Posted on November 11, 2017, 4:13 pm
8 mins

Slide

Hoedemaker Pfeiffer Gallery, the latest addition to the Georgetown art scene, is currently home to one of the most brilliantly curated shows I’ve seen in Seattle this year. Curator Sharon Arnold of Bridge Productions conceived of it as one show of two artists sharing the space with an interactive installation, but the works cohere too well to not see them in association.

The proprietors, Hoedemaker Pfeiffer, have presented artists’ work in their design studio for almost a year. The new devoted gallery space is just a few doors down from the studio. The front of the gallery is well-lit, while the back room is suitable as a small black box theatre or, in the case of the current show, an experimental visualizer by SPACEFILLER.

Adjunct Appendages

“Untitled (cobalt green) #1” by Ellen Ziegler. Image courtesy of Bridge Productions.

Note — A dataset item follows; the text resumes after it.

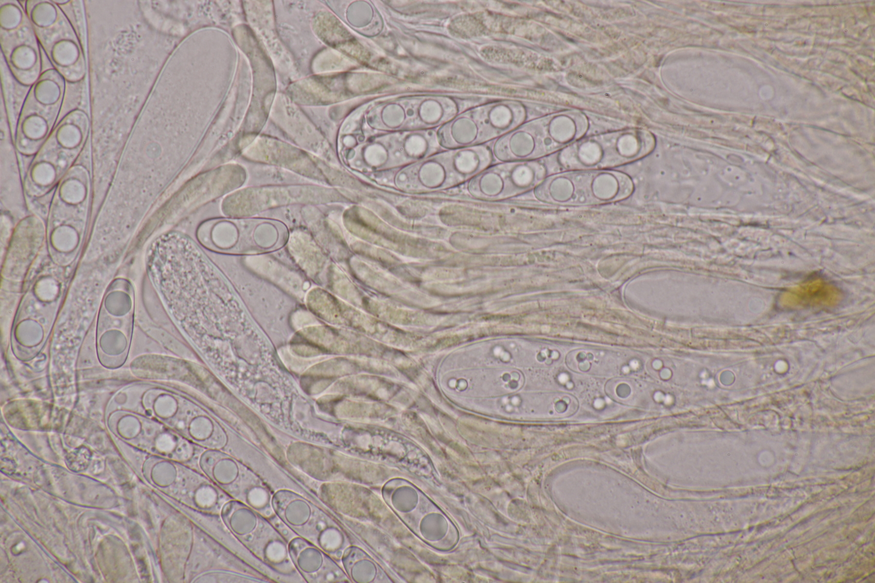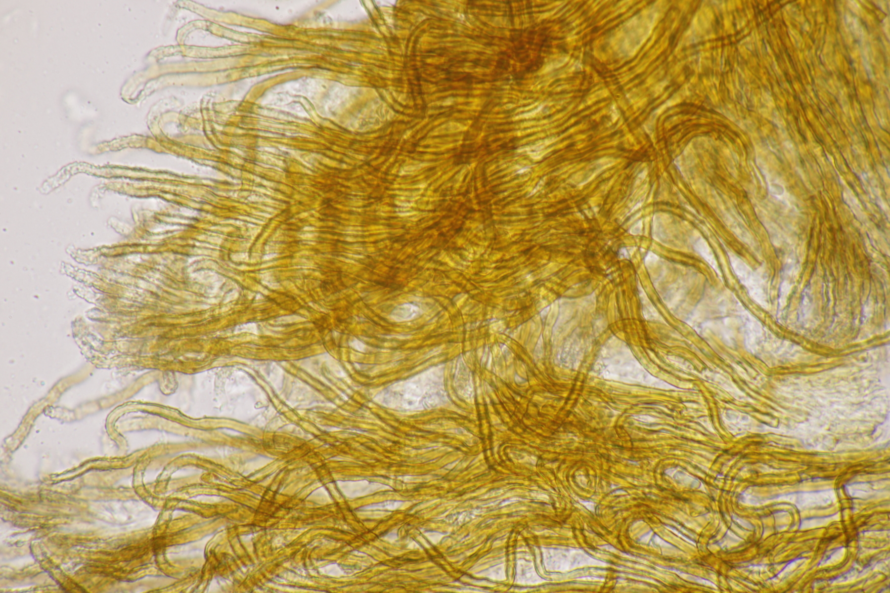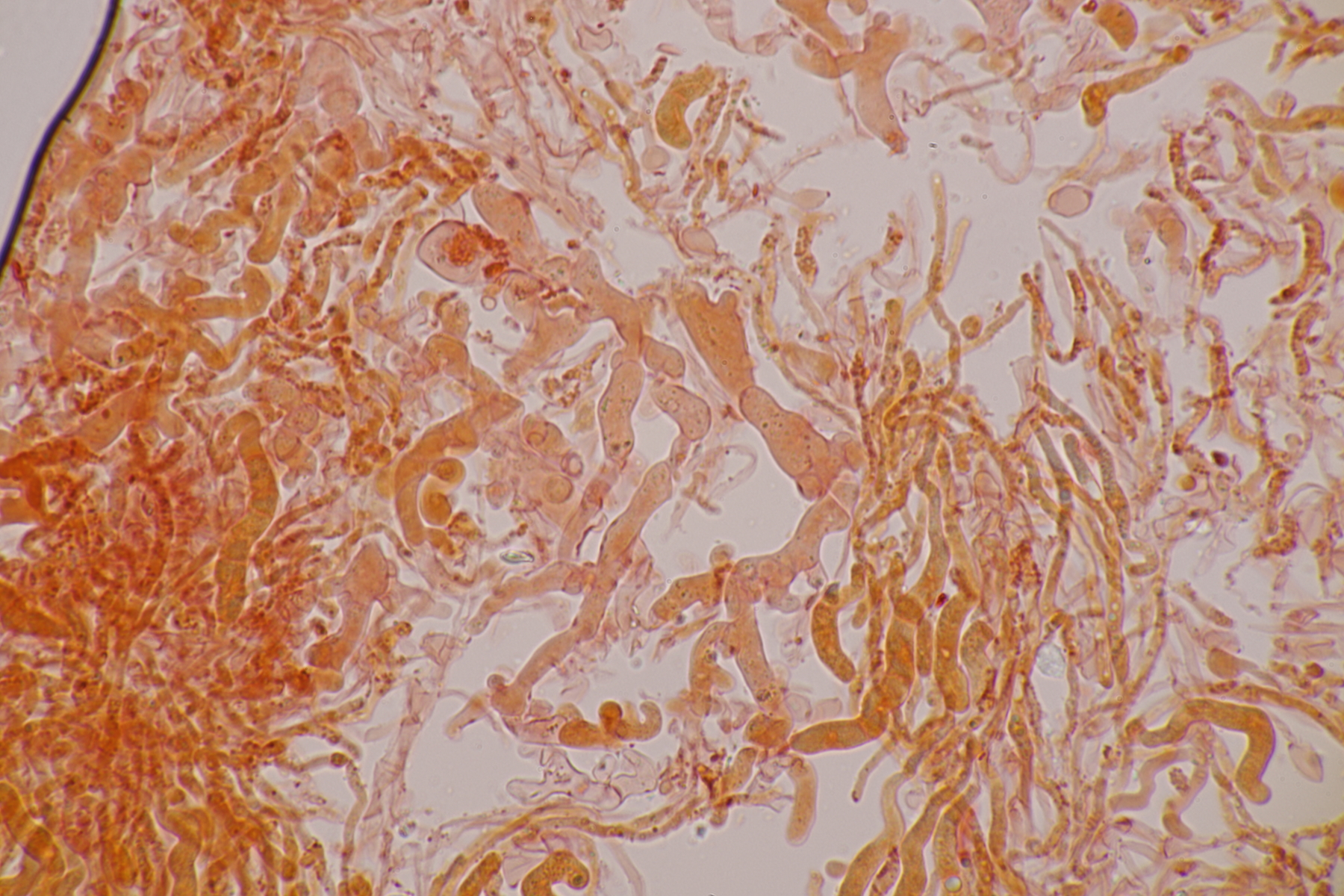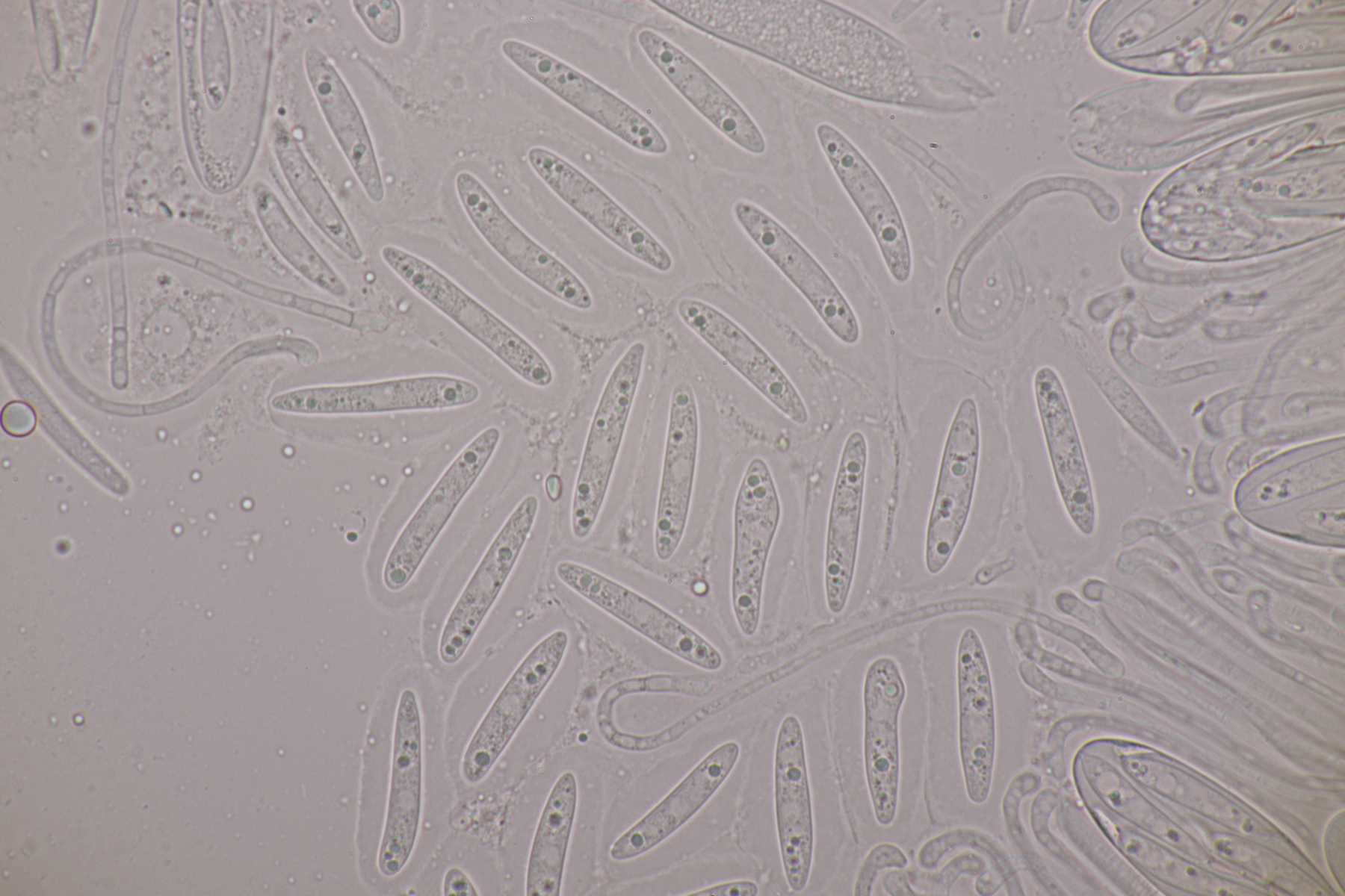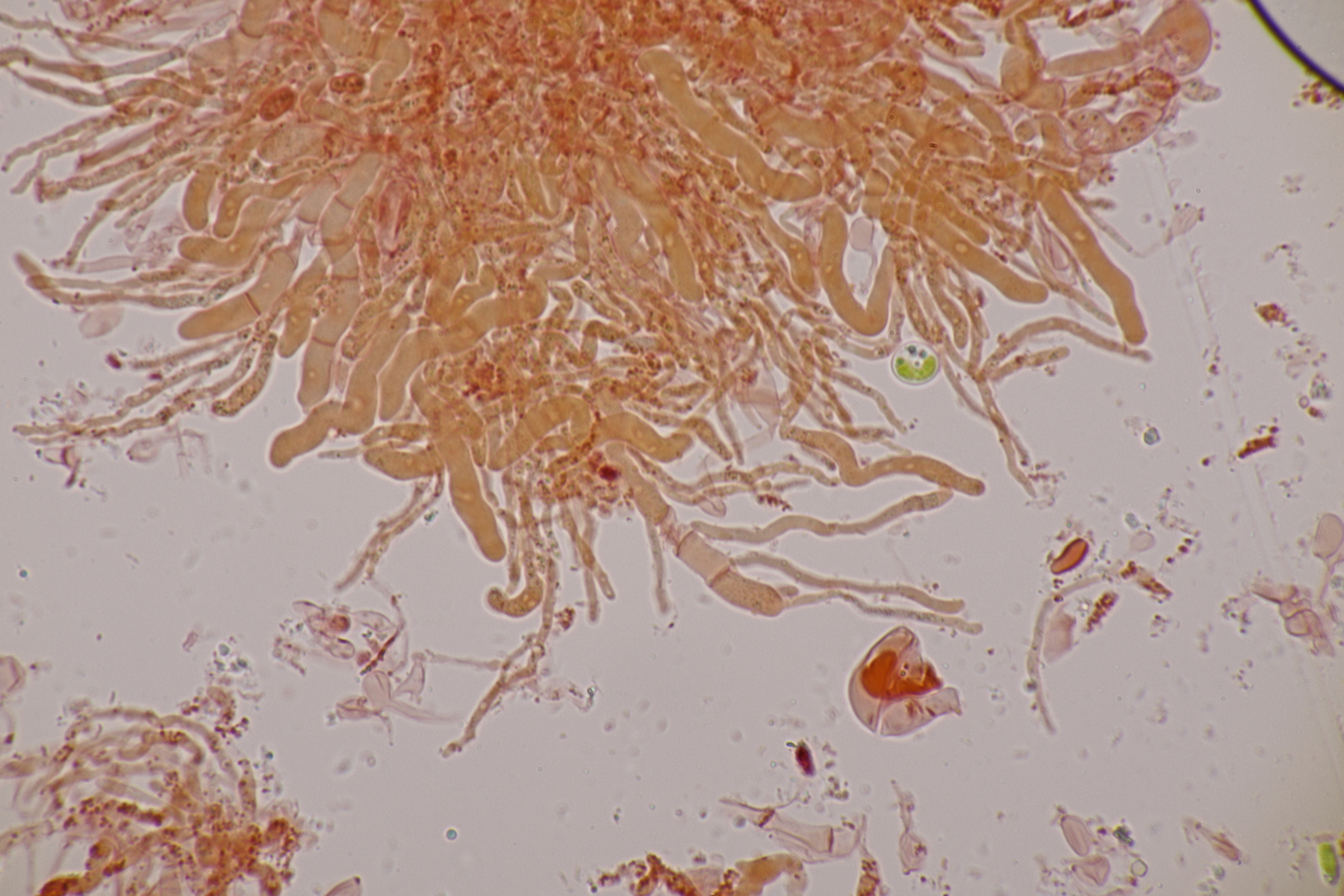 2. Ein weißer Heterobasidiomycet. Im Subikulum sind recht dickwandige, breite Zellen mit Schnallen vorhanden, dazu auriculariode Basidien mit vier langen Sterigmen. Mit dem Phragmoschlüssel der Niederländer lande ich dann bei Colacogloea effusa. Der soll aber an Peniophorella praetermissa parasitieren und die ist hier weit und breit nicht zu sehen.

The two artists in the front show, Adjunct Appendages, are Ellen Ziegler and Kim Van Someren. For several years, Ziegler has been working primarily with vermilion pigment and experimenting with its application. Her most typical works are on large sheets of thick paper blotted with blobs of vermilion, which Ziegler then gives dimension by adding a network of white lines using transfer paper.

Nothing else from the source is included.